Table 4. T-Test analysis of the difference of the correlation coefficients observed among each of the normalization categories.

https://doi.org/10.1371/journal.pone.0284370.t004

The overall results in our study showed that while flow normalized wastewater concentrations produced the strongest correlation with cases, there were instances within our study where the fecal normalized concentrations had the strongest correlation with COVID-19 cases. One example is in North Carolina, where the PMMoV normalized wastewater concentrations were higher than the flow normalized correlations, but the fecal and flow normalized correlations in North Carolina were the highest (S2 Table). This result in North Carolina suggests that, while flow normalized was not the strongest, it still improved the correlation in addition to fecal normalization.
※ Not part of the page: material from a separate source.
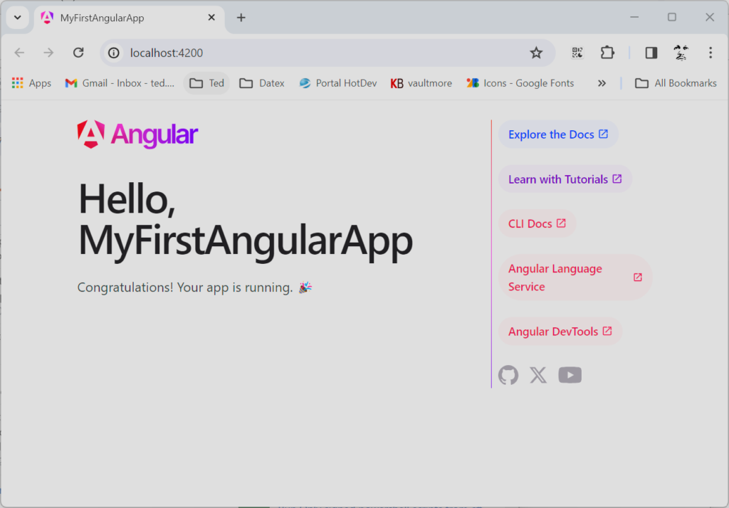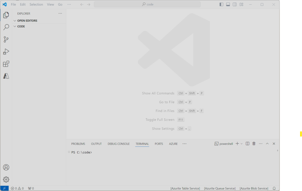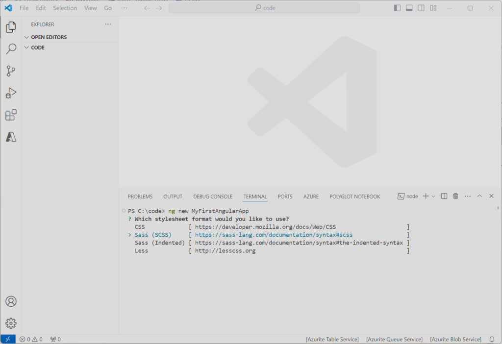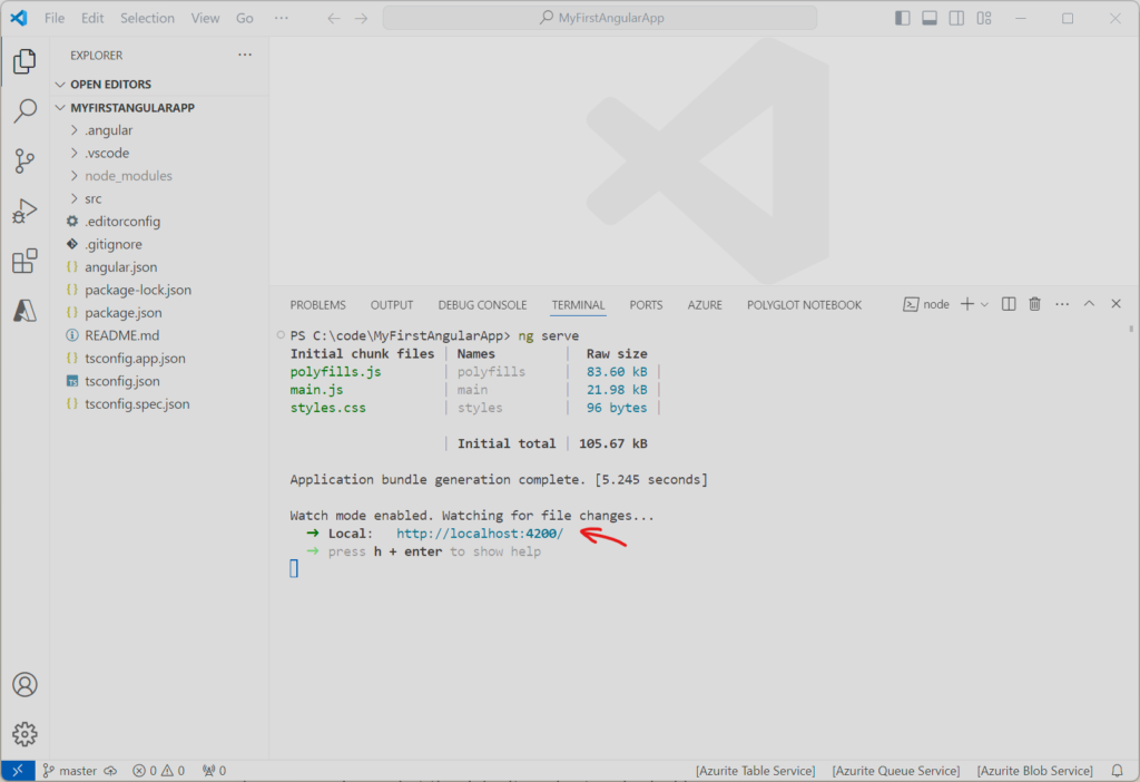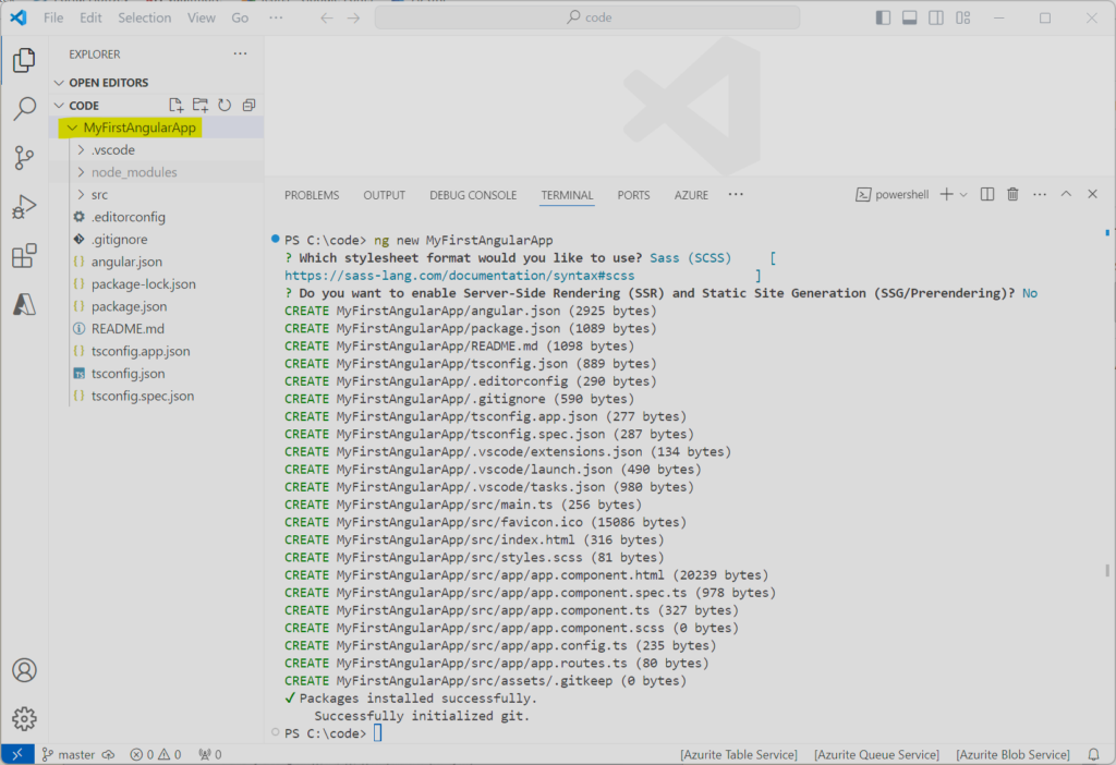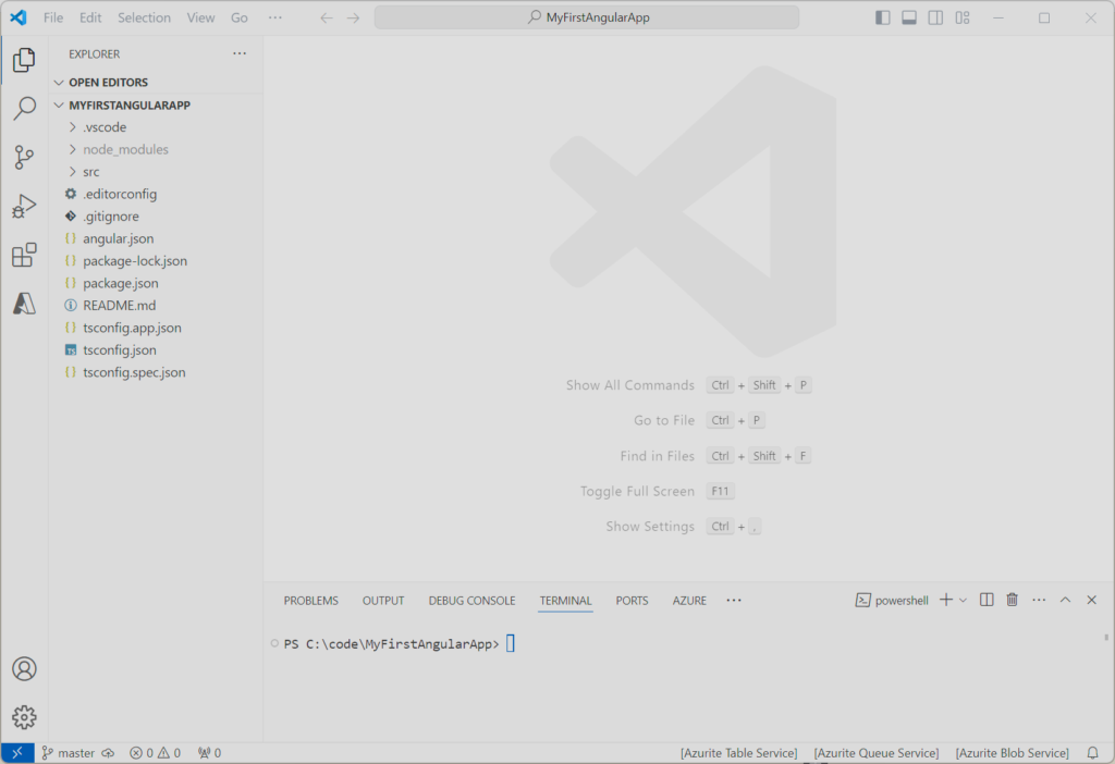 1. After VSCode refreshes, we’ll now see that MyFirstAngularApp is at the root of the folders tree, and after opening the terminal window, we can see that the current directory is “C:\code\MyFirstAngularApp“.

Similar to our observation, the potential enhancement of using fecal indicators in addition to flow normalized SARS-CoV-2 wastewater concentrations was previously reported by Langeveld et al. [25]. Additionally, a study from Duvallet et al. analyzing nationwide data in the U.S. also reported that fecal normalization with PMMoV improved the correlation with COVID-19 cases in some study sites but it was lower than the correlation in other study sites when compared to the raw wastewater concentration [59]. Additionally, in our study the overall correlation values of the raw SARS-CoV-2 wastewater concentration and reported COVID-19 cases was not significantly different than the fecal normalized correlation values, the raw concentration had a smaller range that did not go as far into the negative correlation values. If flow rate is not available, it may be preferable to use the raw SARS-CoV-2 wastewater concentration rather than pursue a fecal normalization approach [47]. Our results show that flow normalized SARS-CoV-2 wastewater concentrations generate the strongest correlation with COVID-19 cases.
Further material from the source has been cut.